## SOURCE RECORDS
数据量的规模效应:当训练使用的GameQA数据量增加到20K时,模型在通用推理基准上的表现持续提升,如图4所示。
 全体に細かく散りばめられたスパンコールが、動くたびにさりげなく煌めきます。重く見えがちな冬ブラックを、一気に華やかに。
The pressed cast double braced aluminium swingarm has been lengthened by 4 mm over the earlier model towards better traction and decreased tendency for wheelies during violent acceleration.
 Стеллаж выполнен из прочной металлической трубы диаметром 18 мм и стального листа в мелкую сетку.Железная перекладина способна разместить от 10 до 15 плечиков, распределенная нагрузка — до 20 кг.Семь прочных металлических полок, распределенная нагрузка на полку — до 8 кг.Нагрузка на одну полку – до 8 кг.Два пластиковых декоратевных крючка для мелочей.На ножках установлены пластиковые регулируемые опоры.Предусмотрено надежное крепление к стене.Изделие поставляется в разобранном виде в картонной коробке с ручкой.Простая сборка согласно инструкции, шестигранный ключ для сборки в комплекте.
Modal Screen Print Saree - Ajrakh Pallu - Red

## PROBLEM DETAILS
Each line from the one with "全体に細かく散りばめられたス" through the last line of the records must be written out word for word. Include nothing else.

## TASK RESULT
 全体に細かく散りばめられたスパンコールが、動くたびにさりげなく煌めきます。重く見えがちな冬ブラックを、一気に華やかに。
The pressed cast double braced aluminium swingarm has been lengthened by 4 mm over the earlier model towards better traction and decreased tendency for wheelies during violent acceleration.
 Стеллаж выполнен из прочной металлической трубы диаметром 18 мм и стального листа в мелкую сетку.Железная перекладина способна разместить от 10 до 15 плечиков, распределенная нагрузка — до 20 кг.Семь прочных металлических полок, распределенная нагрузка на полку — до 8 кг.Нагрузка на одну полку – до 8 кг.Два пластиковых декоратевных крючка для мелочей.На ножках установлены пластиковые регулируемые опоры.Предусмотрено надежное крепление к стене.Изделие поставляется в разобранном виде в картонной коробке с ручкой.Простая сборка согласно инструкции, шестигранный ключ для сборки в комплекте.
Modal Screen Print Saree - Ajrakh Pallu - Red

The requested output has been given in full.